▶ [Task directions]: Give again exactly the lines that run from the start of the records to the line holding "Safety relief valve", both ends counted. Do not include the pictures.

▶ [Information shown]:

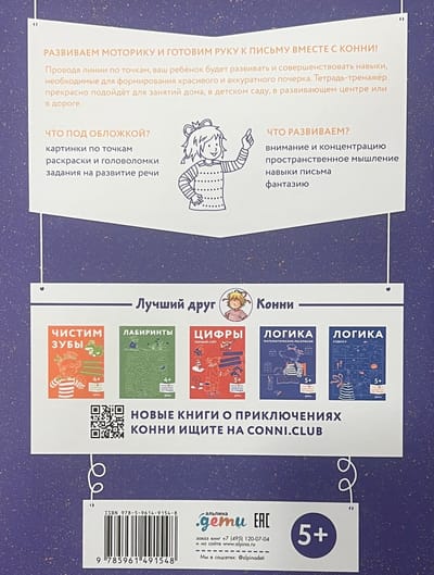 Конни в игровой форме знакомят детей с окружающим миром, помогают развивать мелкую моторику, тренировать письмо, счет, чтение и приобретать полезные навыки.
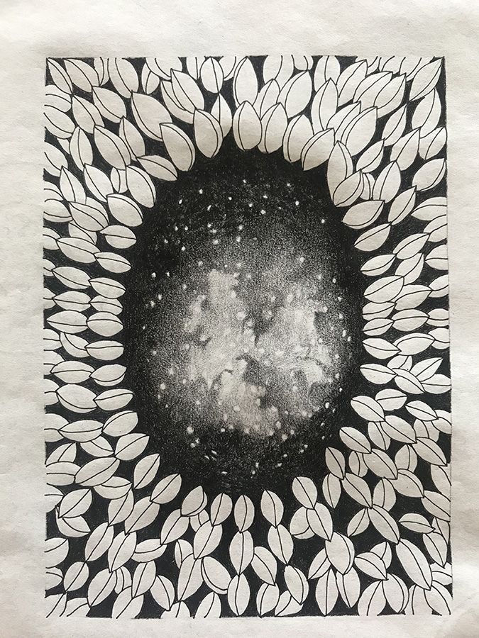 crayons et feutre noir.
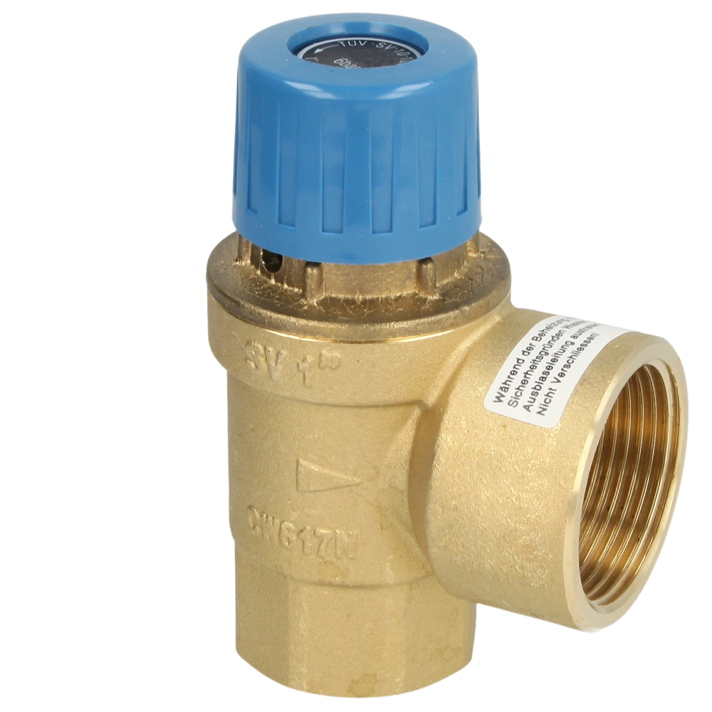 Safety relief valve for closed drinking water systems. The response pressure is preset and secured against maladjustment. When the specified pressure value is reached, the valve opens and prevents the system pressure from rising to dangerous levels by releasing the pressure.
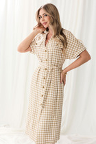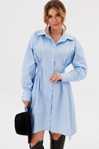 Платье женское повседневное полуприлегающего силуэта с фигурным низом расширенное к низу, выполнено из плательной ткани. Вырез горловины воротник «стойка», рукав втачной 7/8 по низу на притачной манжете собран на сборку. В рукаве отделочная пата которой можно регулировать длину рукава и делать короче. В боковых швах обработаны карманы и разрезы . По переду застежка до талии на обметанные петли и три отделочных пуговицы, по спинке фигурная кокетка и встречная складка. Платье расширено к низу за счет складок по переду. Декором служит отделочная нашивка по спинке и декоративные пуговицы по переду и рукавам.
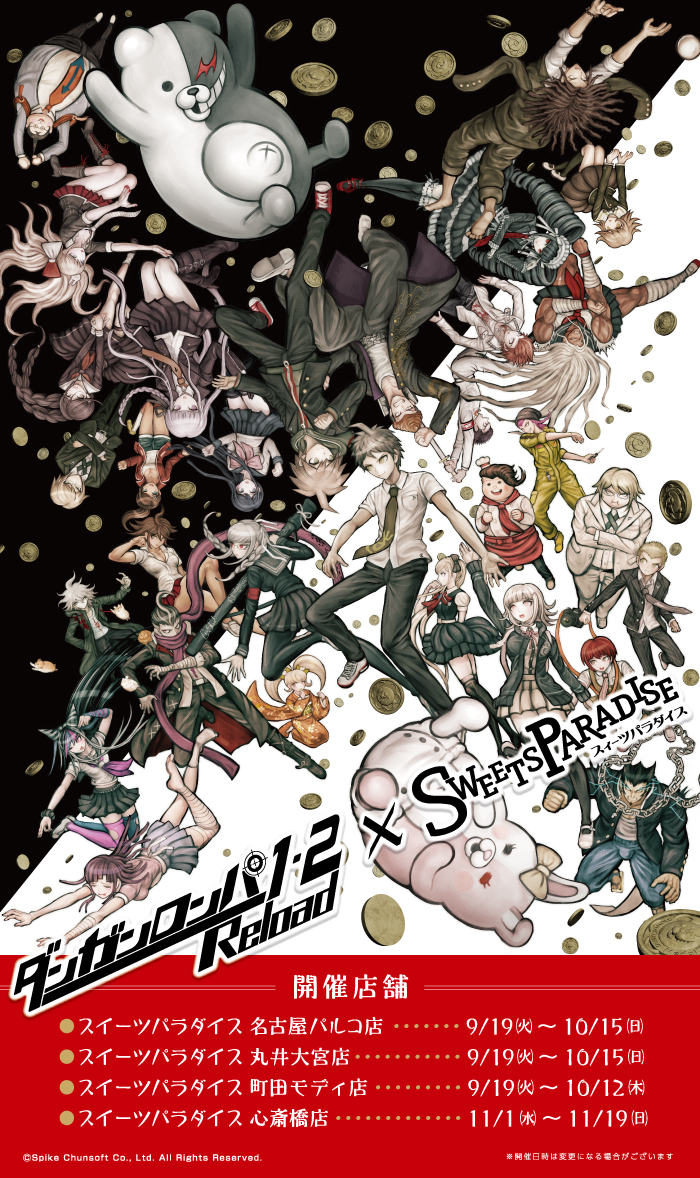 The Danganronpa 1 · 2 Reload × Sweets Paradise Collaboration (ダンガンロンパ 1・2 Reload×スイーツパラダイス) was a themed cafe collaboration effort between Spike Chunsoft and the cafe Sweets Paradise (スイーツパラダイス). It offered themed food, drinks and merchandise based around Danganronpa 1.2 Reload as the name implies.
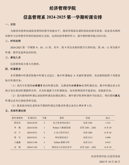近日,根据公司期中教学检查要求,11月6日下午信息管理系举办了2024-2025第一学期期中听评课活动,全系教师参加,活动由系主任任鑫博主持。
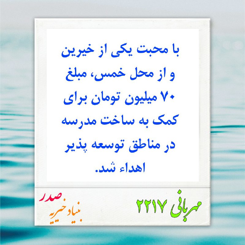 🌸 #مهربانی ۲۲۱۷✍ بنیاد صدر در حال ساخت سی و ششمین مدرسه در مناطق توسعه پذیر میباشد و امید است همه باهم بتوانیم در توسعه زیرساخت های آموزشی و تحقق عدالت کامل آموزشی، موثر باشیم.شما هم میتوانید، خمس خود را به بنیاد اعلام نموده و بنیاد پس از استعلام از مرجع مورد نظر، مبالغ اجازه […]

▶ [Output for this task]:
 Конни в игровой форме знакомят детей с окружающим миром, помогают развивать мелкую моторику, тренировать письмо, счет, чтение и приобретать полезные навыки.
 crayons et feutre noir.
 Safety relief valve for closed drinking water systems. The response pressure is preset and secured against maladjustment. When the specified pressure value is reached, the valve opens and prevents the system pressure from rising to dangerous levels by releasing the pressure.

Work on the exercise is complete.